Wyjazd do rodziny niesamowicie oczyścił mnie z codziennych trucizn, uwolnił od zniewalającego syndromu nadambicji [lubię tworzyć słowa na potrzeby jednorazowego użycia:)] i pragnienia natychmiastowego realizowania wszystkich zobowiązań, do których garnę się w myśl zasady „wszystko albo nic”. Poddenerwowało mnie troszkę prezentowanie mnie jako dziwaka, siedzącego całymi dniami z nosem w książkach i dającego się wykorzystywać do roboty za darmo [recenzowanie], a do tego dobrowolnie rezygnującego z alkoholu [a co, nie wolno mi?!] i przez to wszystko nic niemającego z życia. Moja podmiotowość się odezwała i zbulwersowała. Czytasz do przesady, mówią. Wcale nie, czytam ile potrzebuję. Mam wiele z życia, a to, że dla mnie życie znaczy coś innego niż dla innych - moja sprawa. Ja nikomu z buciorami do ogródka nie wchodzę. Nie tak się widzę, nie tak chcę, by widzieli mnie inni. A jednak: odetchnęłam, prawdziwie się zrelaksowałam, oddałam lekturze z przyjemności, a nie z obowiązku, uwolniłam do wizji piętrzących się stosów działających jak wyrzut sumienia chronicznie dzwoniący na alarm.

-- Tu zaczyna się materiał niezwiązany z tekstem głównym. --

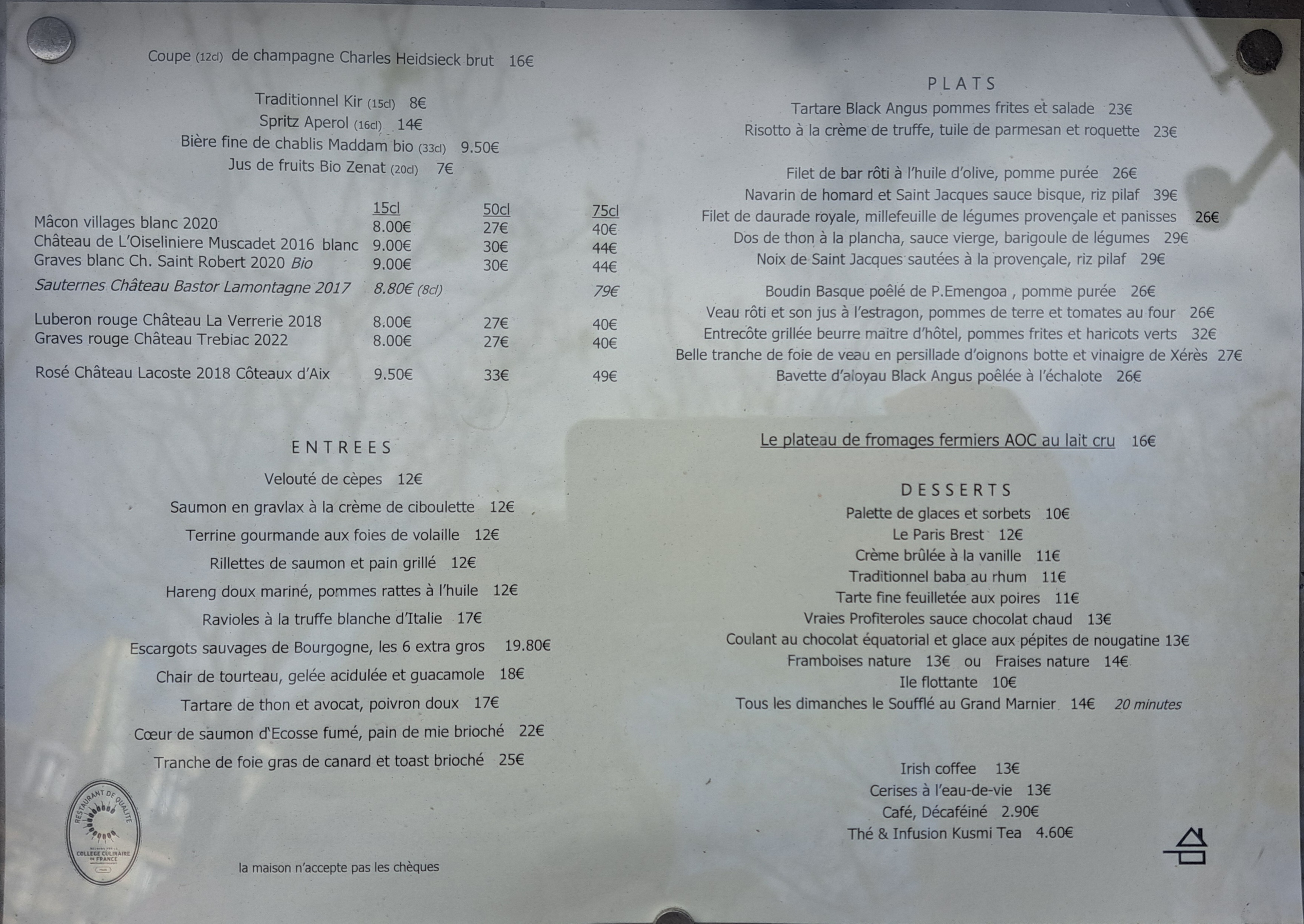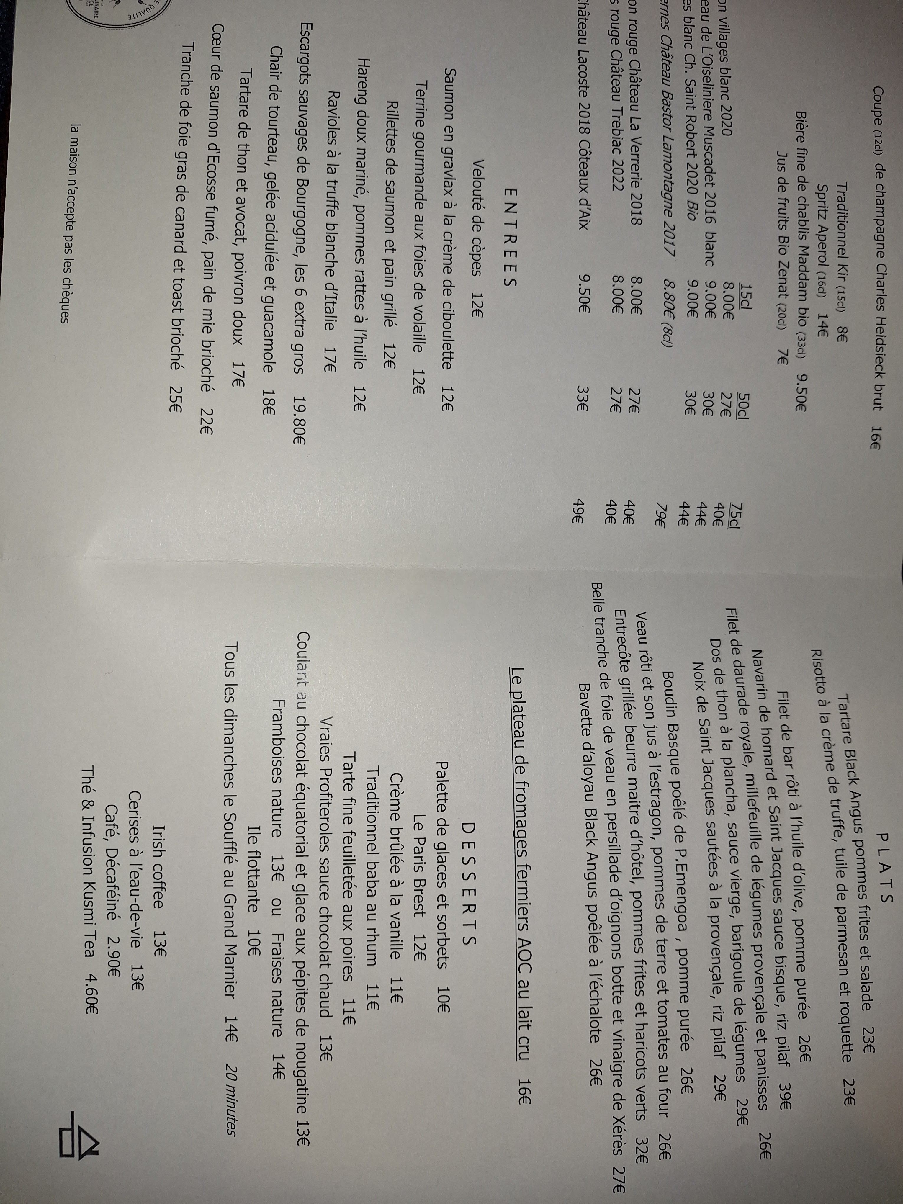 Cadre magnifique, plats fins et gourmets. Personnel présent et discret. Petit péché mignon : le délicieux Paris-Brest 😋 Je recommande!

Nie mogę jeszcze powiedzieć, że brakuje mi lektur i pewnie przez długi czas nie będę potrafiła wejść płynnie w nowości miesiąca i w klasykę, bo wciąż tkwię w minionym. Opisy książek w żaden sposób nie oddają ich charakteru, umniejszają ich wartość, a ja często daję się nabrać, mimo wielu lat praktyki, czego gorzkie konsekwencje później odczuwam. Jasne, radzę sobie – w końcu wiem jakim autorom, seriom, wydawcom można zaufać, a jednak żal mi, smutno, gdy widzę ten feeryczny chłam wystawiany na półkach, który ma jedynie mamić niską ceną i pstrokatą, nieraz przepiękną okładką nie niosącą ze sobą żadnej innej wartości prócz estetycznej. Delektowanie się lekturą – spokojne, niespieszne – to jest rzecz, której dziś brakuje. We wszystkim kieruje nami pośpiech. Mną szczególnie. W pośpiechu – podobnie jak Konwicki, tak zatytułowałabym swoje życie.
Boję się, czego?
Z pewnością dręczy mnie chroniczne poczucie, że po powrocie
wróci moja frustracja i lęk przed niespełnionym w terminie obowiązkiem. Terminy
narzucam sobie sama, widziały gały co brały, a jednak – strachem napawa mnie
myśl o tym, że cały wyjazd może odejść w zapomnienie, nie pozostawić po sobie
żadnego śladu poza efemerycznymi i delikatnymi jak pajęcza sieć wspomnieniami. Nigdy
nie potrafię się zrelaksować, wszędzie wietrząc nieodrobione lekcje: filmowe,
książkowe, towarzyskie, osobiste. Tym razem było inaczej, ale czy umiejętność
ta nie jest jedynie ulotną mrzonką? Urlop sprowokował we mnie spojrzenie wstecz,
za siebie. Podsumowania, gorzkie refleksje, samobiczowanie za głupotę wyborów i
zachłanność czytelniczą – tak było i tego właśnie było mi trzeba. Poza tym
zwiedzanie, zgodność przemyśleń i odwiedzanych miejsc: kierunek historia.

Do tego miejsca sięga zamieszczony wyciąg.